State v. Laboy, Unpublished Decision (1-19-2006)

2006 Ohio 168 | Ohio Ct. App. | 2006

JOURNAL ENTRY AND OPINION
{¶ 1} Defendant-appellant, Hermogene Laboy, Jr., appeals from the judgment of the Cuyahoga County Common Pleas Court sentencing him to seven years incarceration. Finding no merit to Laboy's appeal, we affirm.

{¶ 2} In March 2003, the grand jury indicted Laboy in a 15-count indictment for trafficking in heroin in an amount over 250 grams. Pursuant to a plea agreement, Laboy subsequently pled guilty to one count of the indictment, possession of drugs, a first degree felony. The State nolled the remaining counts of the indictment and the major drug offender specifications. Pursuant to the plea agreement, Laboy agreed to a term of six years incarceration.

{¶ 3} At sentencing, the trial court imposed the agreed sentence of six years, then set a bond and gave Laboy a date to turn himself in to begin serving his sentence if he was able to post the bond. The trial judge warned Laboy that if he failed to turn himself him on that date, the judge would "revisit" the six-year sentence.

{¶ 4} Laboy did not turn himself in on the specified date. At the subsequent resentencing hearing, the trial judge sentenced Laboy to seven years incarceration. Laboy now appeals.

{¶ 5} R.C. 2929.14(A) provides that the prison term for a first degree felony shall be three, four, five, six, seven, eight, nine or ten years. R.C. 2929.14(B) further provides that a court imposing a sentence upon an offender for a felony must impose the shortest prison term authorized for the offense, unless the offender has previously served a prison term, or the court finds on the record that the shortest prison term will "demean the seriousness of the offender's conduct or will not adequately protect the public from future crime by the offender or others." The trial court made both findings when sentencing Laboy.

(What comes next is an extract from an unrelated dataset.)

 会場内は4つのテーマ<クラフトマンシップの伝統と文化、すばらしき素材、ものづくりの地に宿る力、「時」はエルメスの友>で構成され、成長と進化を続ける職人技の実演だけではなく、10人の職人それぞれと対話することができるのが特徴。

{¶ 6} In his single assignment of error, Laboy argues that the trial court should have imposed the minimum sentence of three years. He contends that, in light of the United States Supreme Court decision in Blakely v. Washington (2004), 542 U.S. 296,124 S. Ct. 2531, 159 L. Ed. 2d 403, the trial court was prohibited from imposing more than the minimum term unless a jury made the findings set forth in R.C. 2929.14(B) to impose more than the minimum sentence on a first time offender. Laboy's argument fails, however, for several reasons.

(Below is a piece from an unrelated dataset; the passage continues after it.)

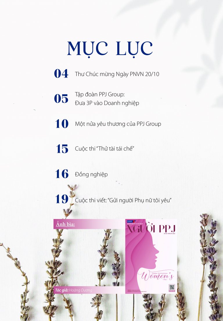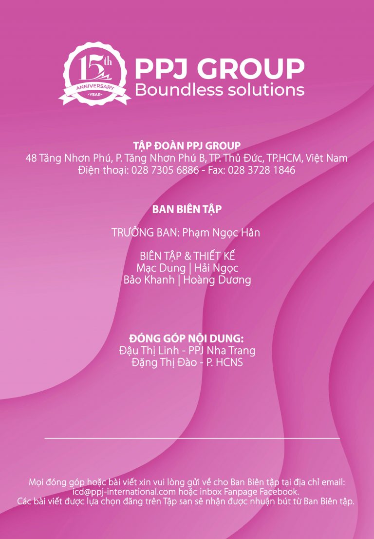 Tháng Mười yêu thương và xinh đẹp, tháng đặc biệt để tri ân những người phụ nữ đa tài và bản lĩnh. Nhân dịp này, Ban biên tập muốn gửi tặng số Tập san Người PPJ số 08- Chuyên đề đặc biệt chào mừng Ngày Phụ nữ Việt Nam 20/10 đến tập thể chị em phụ nữ PPJ thay cho lời tri ân sâu sắc. Cảm ơn sự cống hiến của các chị em suốt quãng thời gian qua và chúc chị em luôn tự tin và rạng rỡ!

{¶ 7} First, Laboy's argument that his non-minimum sentence violates Blakely was addressed in this court's en banc decision of State v. Atkins-Boozer. In Atkins-Boozer, we held that R.C. 2929.14(B), which governs the imposition of minimum sentences, does not implicate the Sixth Amendment right to a jury as construed in Blakely.

{¶ 8} Second, the record reflects that Laboy agreed to the six-year sentence as part of his plea agreement with the State. The record further reflects that defense counsel informed the trial judge at resentencing that Laboy "recognizes and understands that this court is in a position to review and recalculate the agreed sentence" in light of Laboy's failure to turn himself in on the designated date. Accordingly, we find no error in the sentence.

{¶ 9} Appellant's assignment of error is overruled.

It is ordered that appellee recover from appellant costs herein taxed.

The court finds there were reasonable grounds for this appeal. It is ordered that a special mandate issue out of this court directing the Common Pleas Court to carry this judgment into execution. The defendant's conviction having been affirmed, any bail pending appeal is terminated. Case remanded to the trial court for execution of sentence.

A certified copy of this entry shall constitute the mandate pursuant to Rule 27 of the Rules of Appellate Procedure.

Celebrezze, Jr., P.J., and Sweeney, J., concur.